After releasing the easy-listening album Celtic Moods in 1997, Browne released a solo traditional CD The Wynd You Know in 2001, with Claddagh Records.

Duet with Peter O'Loughlin
Browne's friendship and musical collaboration with Peter O'Loughlin spanned the 40 years from their initial meeting in 1977 to Peter's death on 22 October 2017. Their strong combination of mid-19th century flat-pitch pipes and tuned-down fiddle, playing the old dance music of Ireland, makes for a rare and thoroughly enjoyable evening's entertainment. They recorded 3 albums: 'The South West Wind' (1988), 'Touch Me if You Dare' (2002), and 'The Legacy (2016).

Cran
Browne is a member of the group Cran with Seán Corcoran and Desi Wilkinson.  Cran has released five CDs and tour worldwide.
The core of their repertoire is native Irish material – dance music or slow airs on flute and pipes, and vocals ranging from the highly ornamented sean-nós songs of Conamara to the rollicking port a' bhéil or mouth music of Donegal. Their Hiberno-English song repertoire (songs from Ireland in English) covers the entire gamut from the old story-telling "long ballads" to lively comic songs of "pure divilment and rascality". They also include material from the related Scots-Gaelic tradition and from the other Atlantic Celts, the Bretons.
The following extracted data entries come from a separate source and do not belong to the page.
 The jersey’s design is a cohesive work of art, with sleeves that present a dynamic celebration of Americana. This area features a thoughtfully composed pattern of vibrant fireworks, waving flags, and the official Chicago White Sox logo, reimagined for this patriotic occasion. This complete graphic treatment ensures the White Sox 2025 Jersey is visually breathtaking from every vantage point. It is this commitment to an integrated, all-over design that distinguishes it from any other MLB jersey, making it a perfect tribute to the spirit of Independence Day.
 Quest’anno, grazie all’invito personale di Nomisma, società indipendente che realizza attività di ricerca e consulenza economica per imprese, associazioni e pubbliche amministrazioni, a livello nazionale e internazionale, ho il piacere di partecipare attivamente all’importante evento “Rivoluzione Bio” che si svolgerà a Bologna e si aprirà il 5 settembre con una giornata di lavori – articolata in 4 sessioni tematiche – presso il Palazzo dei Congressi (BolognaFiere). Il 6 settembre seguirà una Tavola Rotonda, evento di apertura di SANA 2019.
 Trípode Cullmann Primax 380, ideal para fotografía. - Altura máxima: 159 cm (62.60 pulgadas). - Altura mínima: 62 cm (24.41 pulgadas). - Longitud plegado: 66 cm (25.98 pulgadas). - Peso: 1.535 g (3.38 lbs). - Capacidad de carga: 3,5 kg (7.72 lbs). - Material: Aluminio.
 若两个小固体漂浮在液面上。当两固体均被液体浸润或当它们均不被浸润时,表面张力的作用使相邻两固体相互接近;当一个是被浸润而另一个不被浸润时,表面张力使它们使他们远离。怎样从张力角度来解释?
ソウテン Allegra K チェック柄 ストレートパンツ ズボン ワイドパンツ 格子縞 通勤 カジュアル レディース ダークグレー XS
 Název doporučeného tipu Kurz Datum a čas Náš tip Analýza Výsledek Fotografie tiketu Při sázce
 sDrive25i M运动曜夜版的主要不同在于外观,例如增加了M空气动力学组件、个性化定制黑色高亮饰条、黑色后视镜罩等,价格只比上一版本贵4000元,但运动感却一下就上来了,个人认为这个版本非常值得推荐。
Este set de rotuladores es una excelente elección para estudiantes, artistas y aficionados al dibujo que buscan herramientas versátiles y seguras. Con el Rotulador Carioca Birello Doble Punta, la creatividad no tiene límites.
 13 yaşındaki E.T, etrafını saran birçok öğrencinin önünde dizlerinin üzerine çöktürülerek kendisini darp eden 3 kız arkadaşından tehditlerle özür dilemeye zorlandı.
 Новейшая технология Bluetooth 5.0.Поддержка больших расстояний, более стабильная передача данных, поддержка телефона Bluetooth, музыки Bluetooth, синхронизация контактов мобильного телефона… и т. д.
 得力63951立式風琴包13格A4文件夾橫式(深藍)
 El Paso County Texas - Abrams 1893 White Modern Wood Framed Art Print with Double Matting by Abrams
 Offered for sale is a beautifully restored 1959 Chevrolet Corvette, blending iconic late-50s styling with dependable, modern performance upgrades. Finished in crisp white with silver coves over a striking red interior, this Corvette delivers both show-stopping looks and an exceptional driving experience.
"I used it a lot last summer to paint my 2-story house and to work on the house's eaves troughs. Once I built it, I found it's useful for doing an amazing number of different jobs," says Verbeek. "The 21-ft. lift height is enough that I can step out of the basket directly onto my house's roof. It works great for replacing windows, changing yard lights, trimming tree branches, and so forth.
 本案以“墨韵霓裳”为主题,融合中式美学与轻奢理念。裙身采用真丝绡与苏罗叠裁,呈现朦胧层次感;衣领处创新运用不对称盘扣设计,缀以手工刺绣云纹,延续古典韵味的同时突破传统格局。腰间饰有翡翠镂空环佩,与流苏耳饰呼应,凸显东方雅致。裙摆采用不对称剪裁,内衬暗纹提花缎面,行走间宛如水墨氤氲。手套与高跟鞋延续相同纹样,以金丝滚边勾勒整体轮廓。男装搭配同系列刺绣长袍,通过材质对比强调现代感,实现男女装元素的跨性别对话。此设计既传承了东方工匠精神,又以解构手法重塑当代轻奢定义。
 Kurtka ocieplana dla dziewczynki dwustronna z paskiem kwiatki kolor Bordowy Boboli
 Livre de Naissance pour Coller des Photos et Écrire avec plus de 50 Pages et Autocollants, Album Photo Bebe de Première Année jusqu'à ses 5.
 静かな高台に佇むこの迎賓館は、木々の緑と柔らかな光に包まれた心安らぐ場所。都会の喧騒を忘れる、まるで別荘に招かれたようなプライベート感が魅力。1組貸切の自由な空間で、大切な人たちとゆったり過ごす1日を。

Cran have released five CDs: [The Crooked Stair (1993, reissued 2005); Black Black Black (1998); Lover’s Ghost (2000); Music from the Edge of the World (2002); Dally and Stray (2014)].

Since their teens, Browne and fiddle player Kevin Glackin have played as a duet.  Kevin, regularly joins Cran for recordings along with Tríona Ní Dhomhnaill (Bothy Band).

Riverdance
Browne was the original piper for the Eurovision interval performance of "Riverdance" in 1994 and his recording has featured in almost every show since.  He chose not to join the teeming cast when the show went on the road, preferring instead to concentrate on his personal projects and to leave the touring to pipers with more time on their hands.

Afro Celt Sound System
In the mid-1990s, Browne was asked if he would like to join a project which was starting up revolving around Peter Gabriel's 2nd "World Music Recording Week".  Musicians converged from all over the planet to ramble from project to project being recorded in up 7 recording setups in Real World Studios.  Out of this intense meeting of musicians was born the Afro Celt Sound System which went on to become Real World's most successful venture.  It was a meeting of African and Irish musicians in the convivial company of some of the top London programmers.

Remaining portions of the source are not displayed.